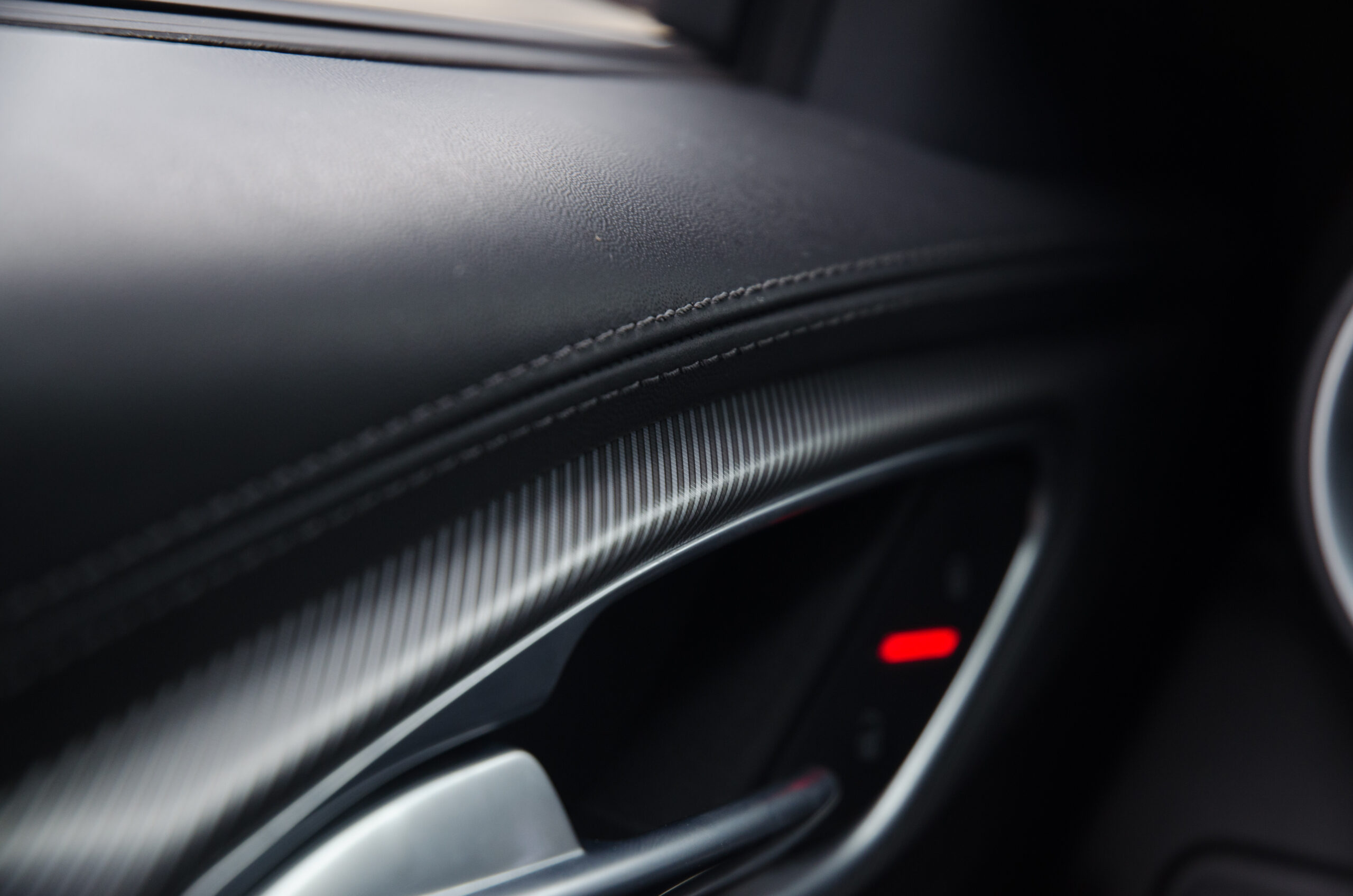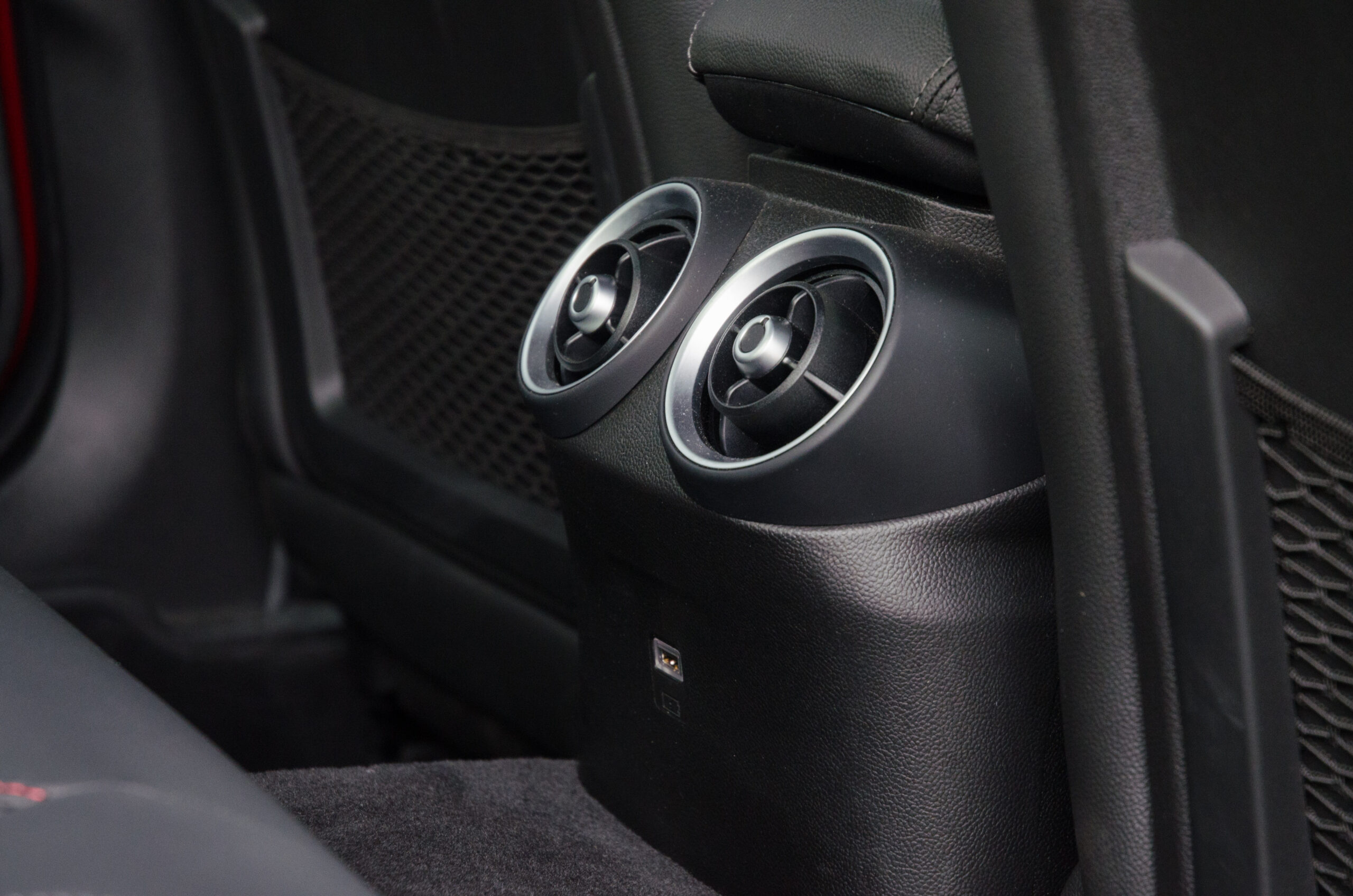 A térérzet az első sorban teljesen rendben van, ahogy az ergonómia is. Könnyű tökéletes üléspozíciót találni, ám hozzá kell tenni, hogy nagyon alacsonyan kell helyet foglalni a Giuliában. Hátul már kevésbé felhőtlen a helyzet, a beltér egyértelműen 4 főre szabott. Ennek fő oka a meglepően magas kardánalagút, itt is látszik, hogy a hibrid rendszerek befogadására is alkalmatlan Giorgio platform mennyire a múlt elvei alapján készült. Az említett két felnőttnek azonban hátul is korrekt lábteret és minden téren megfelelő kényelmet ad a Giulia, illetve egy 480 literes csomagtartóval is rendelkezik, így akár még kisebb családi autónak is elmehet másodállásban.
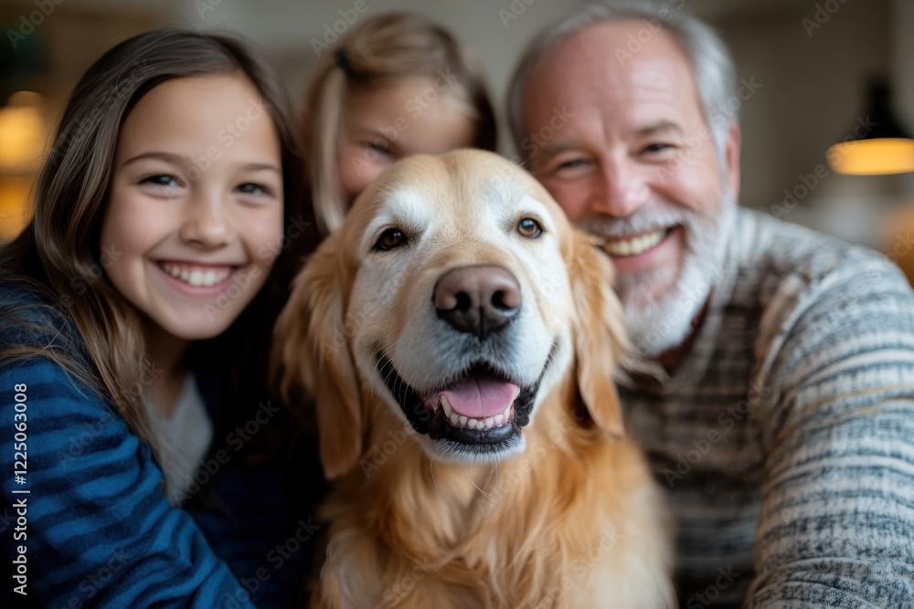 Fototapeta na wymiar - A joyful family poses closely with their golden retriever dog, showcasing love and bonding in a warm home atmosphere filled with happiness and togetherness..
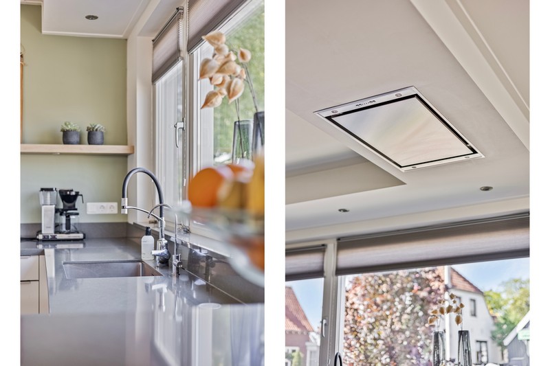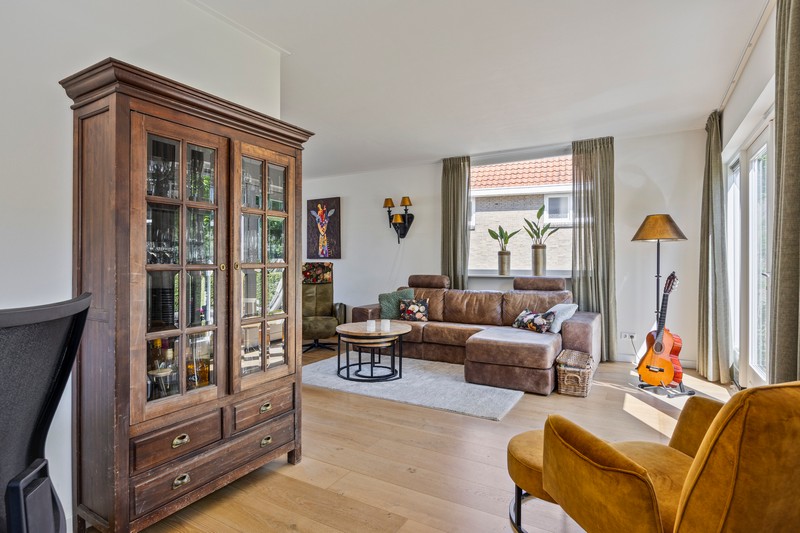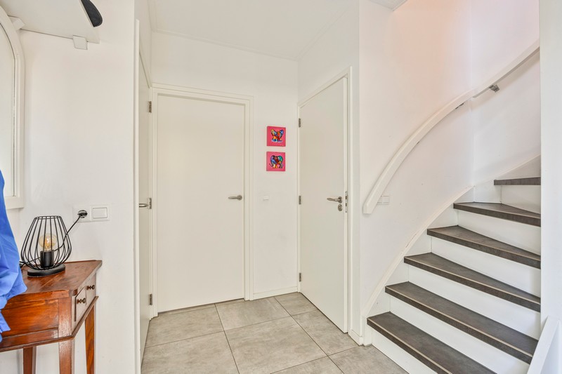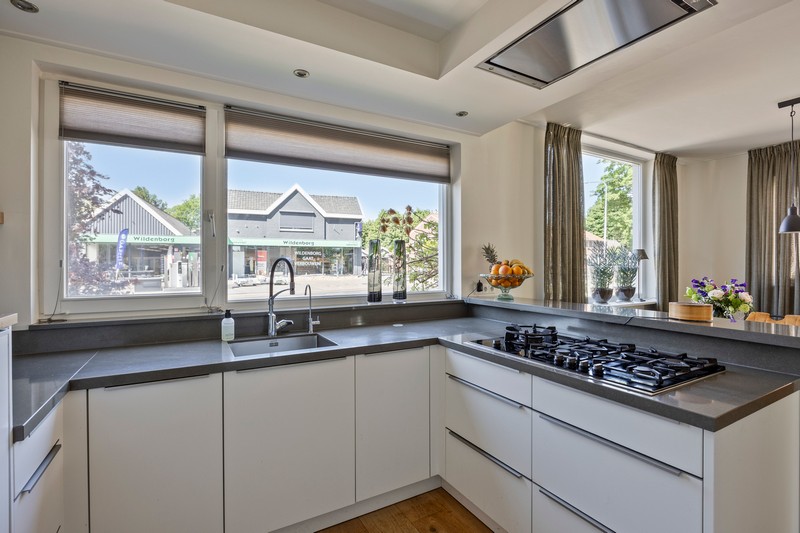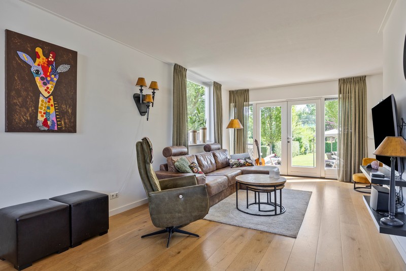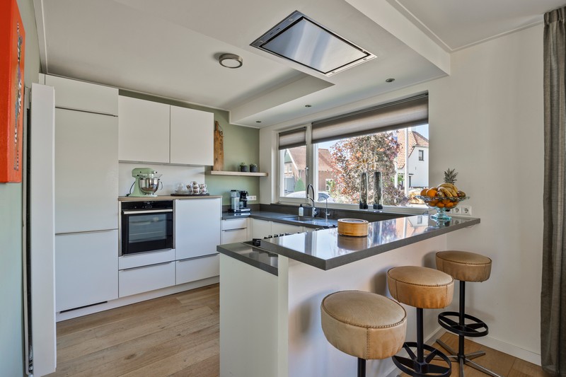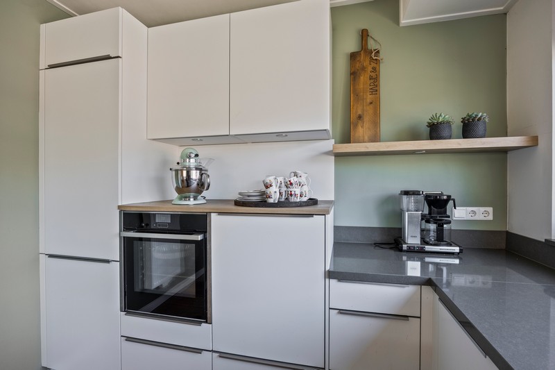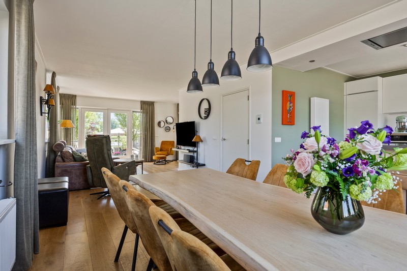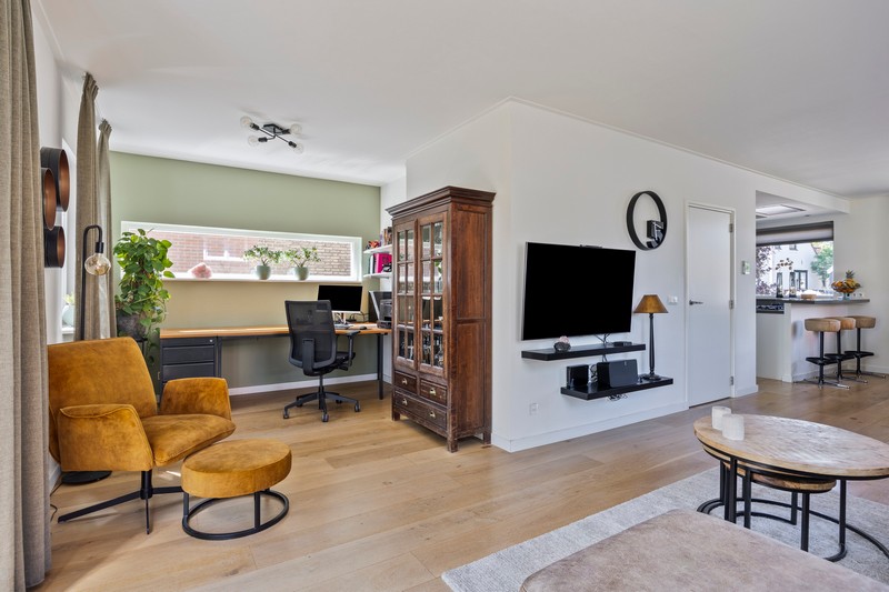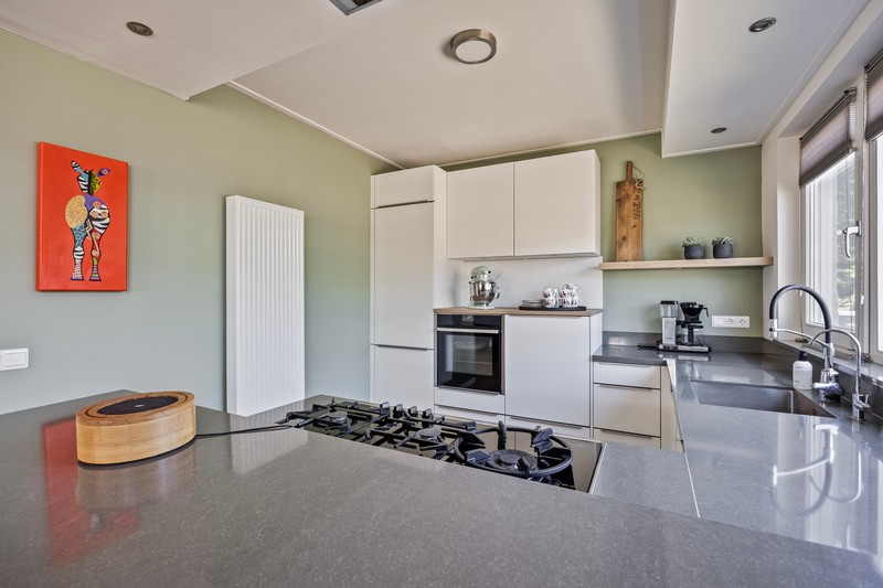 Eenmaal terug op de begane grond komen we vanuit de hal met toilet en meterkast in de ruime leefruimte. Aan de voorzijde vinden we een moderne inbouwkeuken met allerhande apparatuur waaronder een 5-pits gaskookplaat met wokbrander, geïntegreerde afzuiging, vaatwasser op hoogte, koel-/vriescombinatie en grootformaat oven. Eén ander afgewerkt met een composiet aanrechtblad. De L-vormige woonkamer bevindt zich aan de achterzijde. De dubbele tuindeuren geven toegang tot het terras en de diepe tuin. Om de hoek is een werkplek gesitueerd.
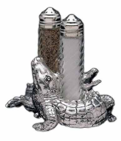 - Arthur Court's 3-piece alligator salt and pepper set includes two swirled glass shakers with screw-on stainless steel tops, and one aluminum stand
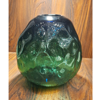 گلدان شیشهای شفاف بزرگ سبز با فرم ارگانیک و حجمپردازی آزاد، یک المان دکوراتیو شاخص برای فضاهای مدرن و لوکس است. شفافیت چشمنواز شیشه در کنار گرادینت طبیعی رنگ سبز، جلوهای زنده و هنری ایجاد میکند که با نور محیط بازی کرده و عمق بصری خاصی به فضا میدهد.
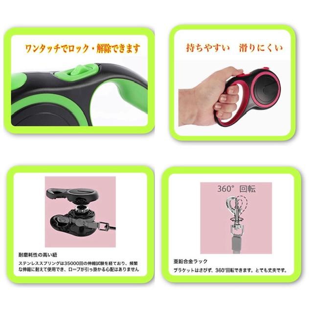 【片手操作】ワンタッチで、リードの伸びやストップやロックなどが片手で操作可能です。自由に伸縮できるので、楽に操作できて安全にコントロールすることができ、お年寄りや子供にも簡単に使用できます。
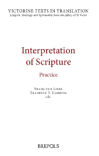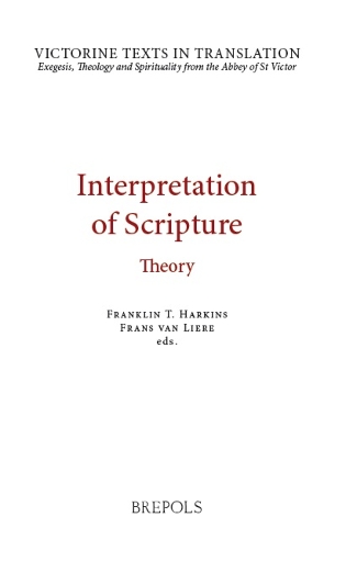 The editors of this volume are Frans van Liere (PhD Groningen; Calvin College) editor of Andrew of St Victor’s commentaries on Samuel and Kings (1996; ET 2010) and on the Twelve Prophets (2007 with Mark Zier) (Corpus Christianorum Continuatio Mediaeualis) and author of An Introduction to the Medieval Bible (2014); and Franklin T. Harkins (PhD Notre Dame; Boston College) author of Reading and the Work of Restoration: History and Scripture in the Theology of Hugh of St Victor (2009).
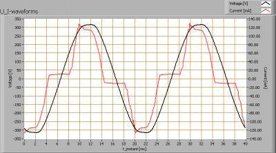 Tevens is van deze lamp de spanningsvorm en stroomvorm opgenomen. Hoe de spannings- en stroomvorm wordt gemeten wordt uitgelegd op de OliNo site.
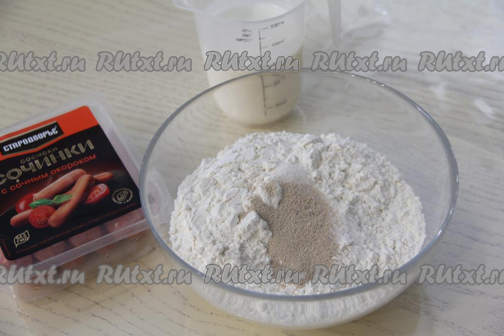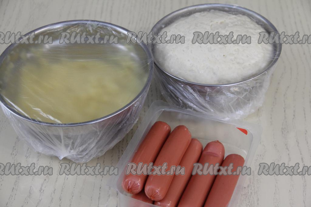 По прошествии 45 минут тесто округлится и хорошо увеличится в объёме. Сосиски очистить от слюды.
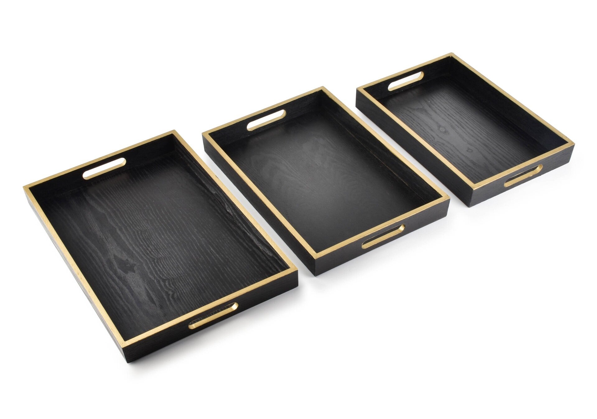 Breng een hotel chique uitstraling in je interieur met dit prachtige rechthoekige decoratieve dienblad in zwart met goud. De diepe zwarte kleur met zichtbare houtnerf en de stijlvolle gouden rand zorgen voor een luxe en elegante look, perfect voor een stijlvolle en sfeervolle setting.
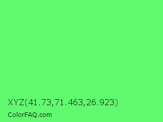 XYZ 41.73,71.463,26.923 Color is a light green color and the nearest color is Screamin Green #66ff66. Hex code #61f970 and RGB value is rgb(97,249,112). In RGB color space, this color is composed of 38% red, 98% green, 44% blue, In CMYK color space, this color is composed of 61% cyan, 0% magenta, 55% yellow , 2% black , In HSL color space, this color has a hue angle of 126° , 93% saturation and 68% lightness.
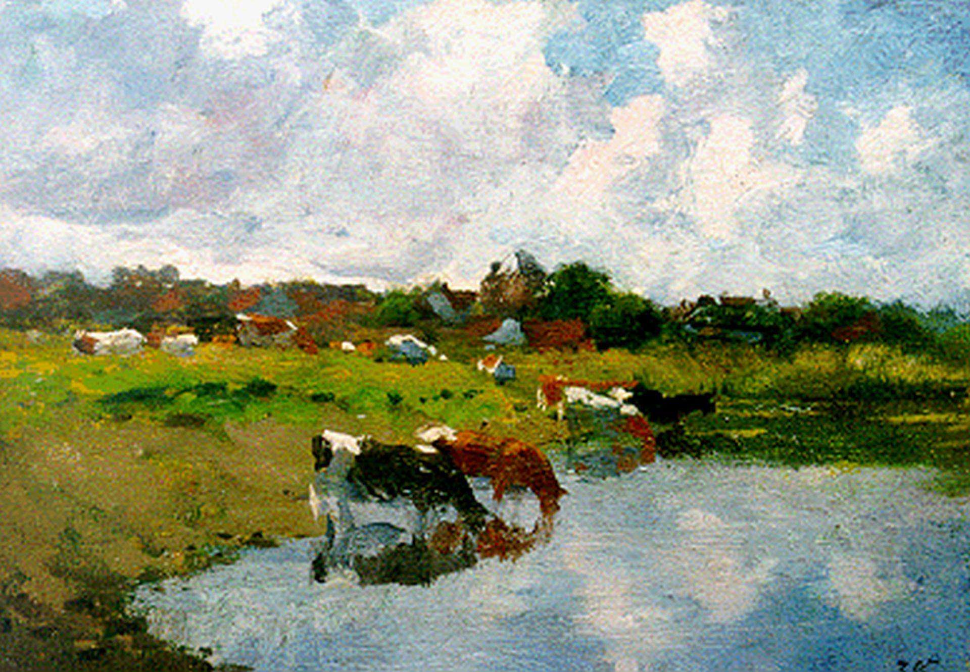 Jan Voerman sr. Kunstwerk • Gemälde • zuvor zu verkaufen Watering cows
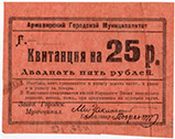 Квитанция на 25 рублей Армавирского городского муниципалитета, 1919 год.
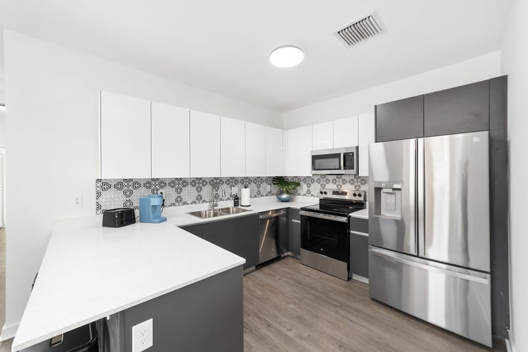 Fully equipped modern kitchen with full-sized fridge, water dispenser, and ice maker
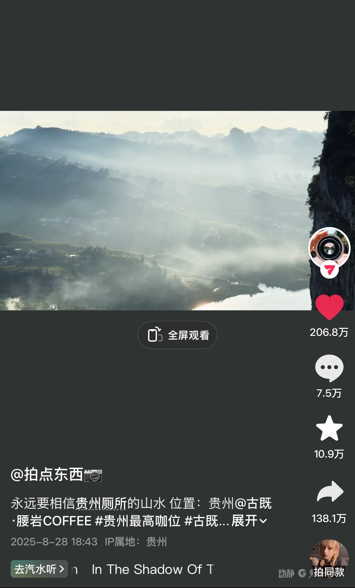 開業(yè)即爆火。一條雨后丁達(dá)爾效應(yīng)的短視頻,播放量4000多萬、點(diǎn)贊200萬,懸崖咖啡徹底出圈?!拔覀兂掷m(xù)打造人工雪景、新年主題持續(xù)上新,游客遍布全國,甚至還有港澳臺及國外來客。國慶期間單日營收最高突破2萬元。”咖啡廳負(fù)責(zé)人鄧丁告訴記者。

━━━━━━━━━━━━━━━━━━━━━━━━━━━━━━

**Task brief**
From the records above, copy exactly the lines starting at the one with "По прошествии 45" and ending at the one with "Breng een hotel", and no others. Pictures stay out.

**Answer section**
 По прошествии 45 минут тесто округлится и хорошо увеличится в объёме. Сосиски очистить от слюды.
 Breng een hotel chique uitstraling in je interieur met dit prachtige rechthoekige decoratieve dienblad in zwart met goud. De diepe zwarte kleur met zichtbare houtnerf en de stijlvolle gouden rand zorgen voor een luxe en elegante look, perfect voor een stijlvolle en sfeervolle setting.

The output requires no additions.